YOUR TASK: The range runs from the line containing "Bej renkli, uzun" through the last line of the material below; retype it exactly, leaving out the pictures.

SOURCE DATA:
┏━━
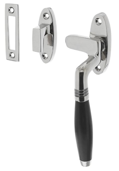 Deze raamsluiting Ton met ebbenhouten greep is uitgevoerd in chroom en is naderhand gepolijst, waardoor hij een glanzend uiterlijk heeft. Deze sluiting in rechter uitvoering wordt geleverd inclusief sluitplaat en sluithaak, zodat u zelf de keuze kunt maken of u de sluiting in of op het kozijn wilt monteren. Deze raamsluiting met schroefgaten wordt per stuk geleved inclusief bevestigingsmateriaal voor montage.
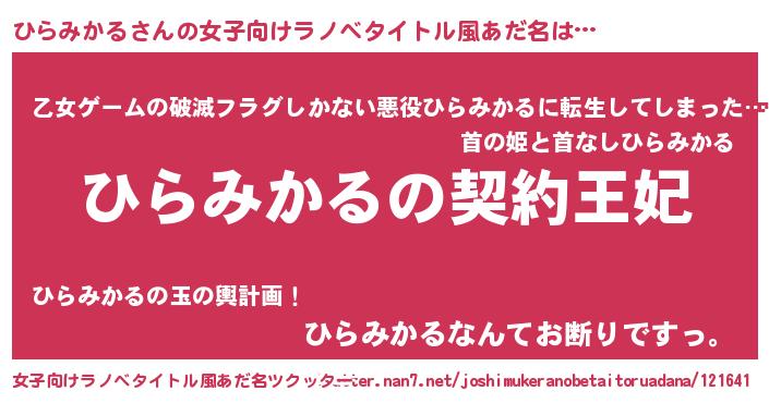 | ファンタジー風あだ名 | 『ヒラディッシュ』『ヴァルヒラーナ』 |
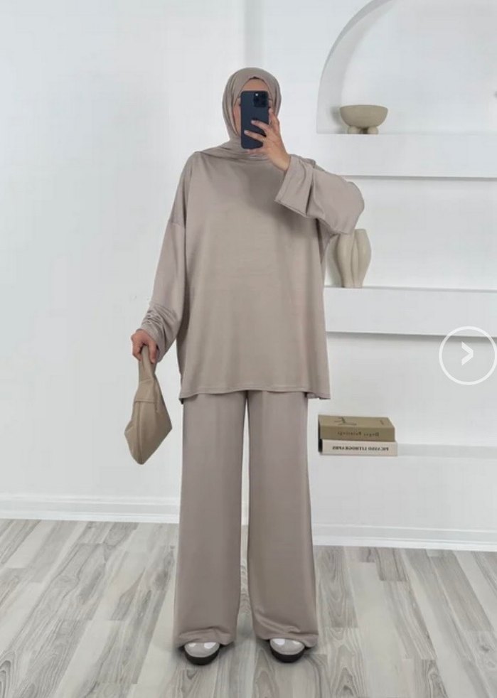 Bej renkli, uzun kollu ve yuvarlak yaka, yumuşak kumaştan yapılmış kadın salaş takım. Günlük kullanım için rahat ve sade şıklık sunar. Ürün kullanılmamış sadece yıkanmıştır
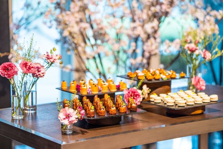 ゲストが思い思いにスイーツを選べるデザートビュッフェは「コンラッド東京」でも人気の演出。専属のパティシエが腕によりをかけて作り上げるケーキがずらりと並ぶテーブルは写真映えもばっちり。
┗━━
WRITTEN SOLUTION:
 Bej renkli, uzun kollu ve yuvarlak yaka, yumuşak kumaştan yapılmış kadın salaş takım. Günlük kullanım için rahat ve sade şıklık sunar. Ürün kullanılmamış sadece yıkanmıştır
 ゲストが思い思いにスイーツを選べるデザートビュッフェは「コンラッド東京」でも人気の演出。専属のパティシエが腕によりをかけて作り上げるケーキがずらりと並ぶテーブルは写真映えもばっちり。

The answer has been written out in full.